В столовке им выдали фуфайки, валенки, шапки, и во главе с Ильей они отправились через всю территорию в пищеблок. Свежий воздух заполнил лёгкие, красота заснеженного леса, окружавшего корпуса больницы, заворожила. Интересно, думал Дима, почему в народе эту больницу прозвали «Малиной»? Может потому, что когда-то на этом месте была большая ягодная поляна? А может из-за того, что попавший сюда бедолага после сильных психотропных уколов улыбался, и жизнь казалась ему слаще мёда? Скорей всего это был горький юмор – в этой непредсказуемой, оплетённой проблемами и взвинченной стрессами жизни никто не застрахован от того, чтобы не оказаться тут за решеткой. Корпусов было много, значит, и потребность в них была, чтобы оградить общество от психов, хоть временно. Правда, в одном из дальних корпусов решёток на окнах не было. Там, по слухам, лечились платно те, кто мог себе это позволить. Областная же элита оздоравливалась в бывшей партлечебнице, куда консультантов по психическим заболеваниям приглашали из «Малины».

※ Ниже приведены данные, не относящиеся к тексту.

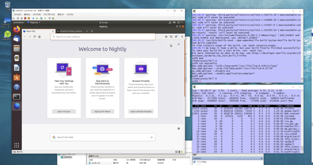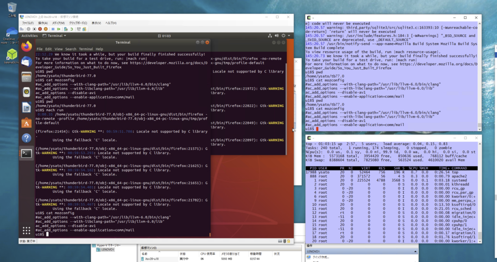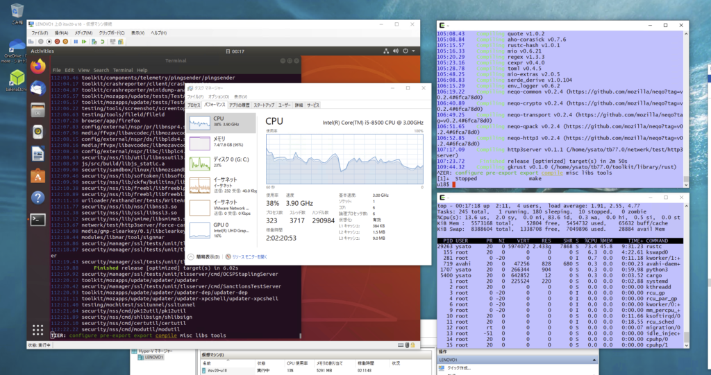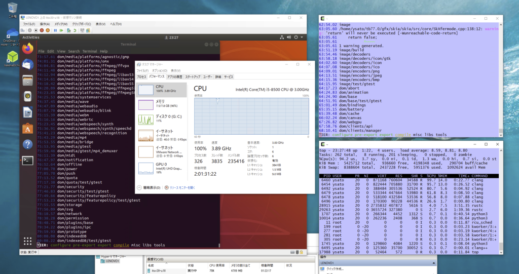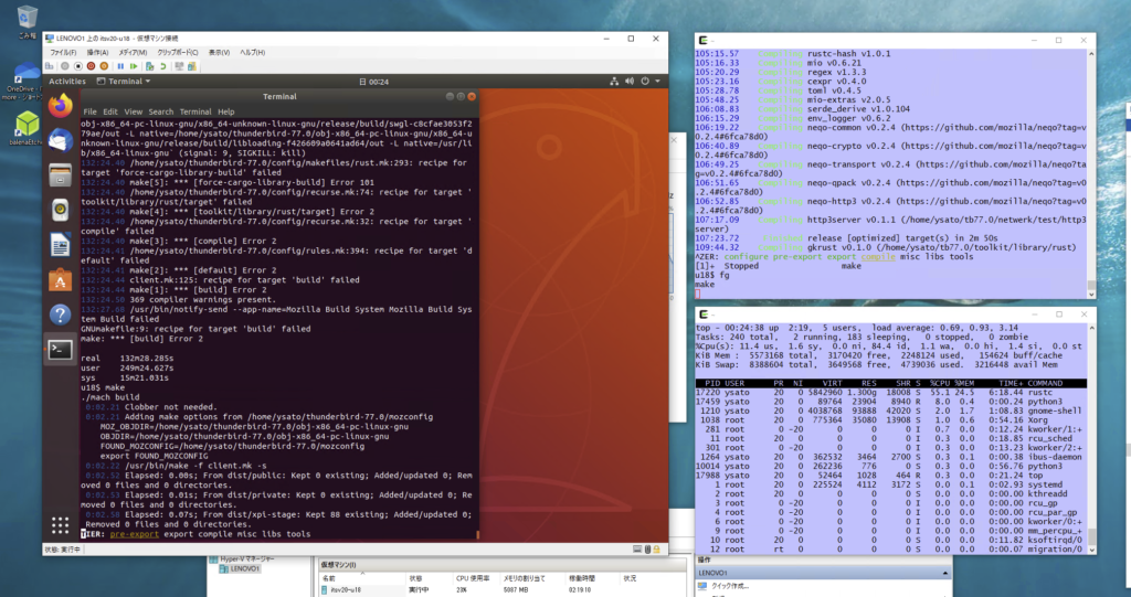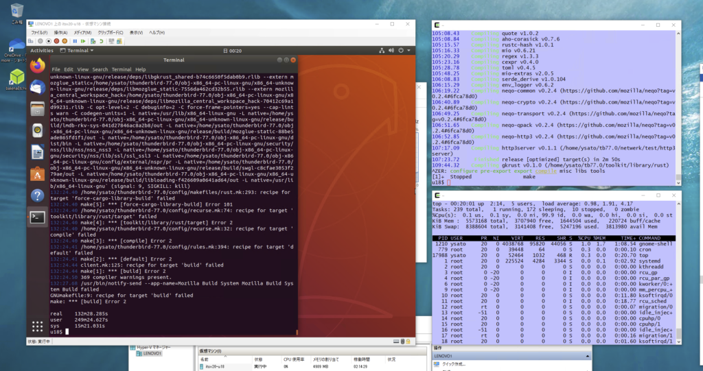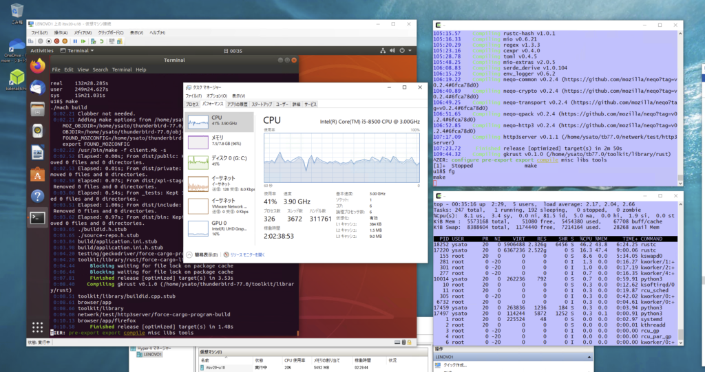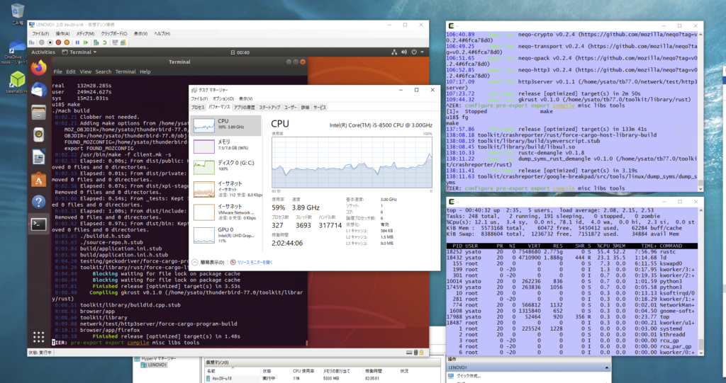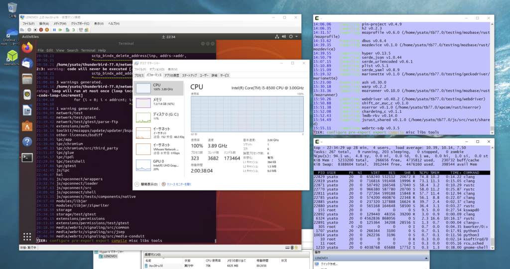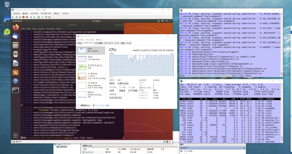 基盤:それで、FirefoxとThunderbirdの77をサラからビルドしてるんですが、面白いので並列にやってます。コアは6つのうちの5つをあげました。ホストの負荷のCPU100%ベタが気持ちいいですね。能力を余す事なく使い切っている。なのに、ホストもゲストも操作にサクサク反応するし、RemoteDesktopも何の問題も無いです。スケジューリング技術のたまものですかね。

Дима находился в отделении, которое можно было назвать «санпропускником». Сюда везли алкашей с «белой горячкой», шизофреников и параноиков во время обострения, чаще весной и осенью, припадочных, когда «Скорая» не знала, что с ними делать. Особой категорией здесь были подследственные. Каждый «тяжкий» уголовник во время допросов в следственном изоляторе обследовался на предмет его психической вменяемости. И если у бригады врачей, выезжавшей периодически в тюрьму, возникали какие-то сомнения, то бандита или даже убийцу под конвоем везли в «Малину», и здесь решалась его судьба.

После отбоя, борясь с сильнейшей заторможенностью и желанием немедленно упасть на кровать, Дима выпросил у Ильи разрешение позвонить по телефону, что категорически запрещалось. Прасковья Даниловна долго охала в трубку, жалела Диму, говорила, что приходили какие-то крепкие ребята и спрашивали о нём. Потом бабушку прервала Иринка. Дима попросил её, чтобы бракованный товар она отдала вьетнамцу Фаму за любую цену, а деньги сдала в банк. Трубку из рук уже вырывал Клин.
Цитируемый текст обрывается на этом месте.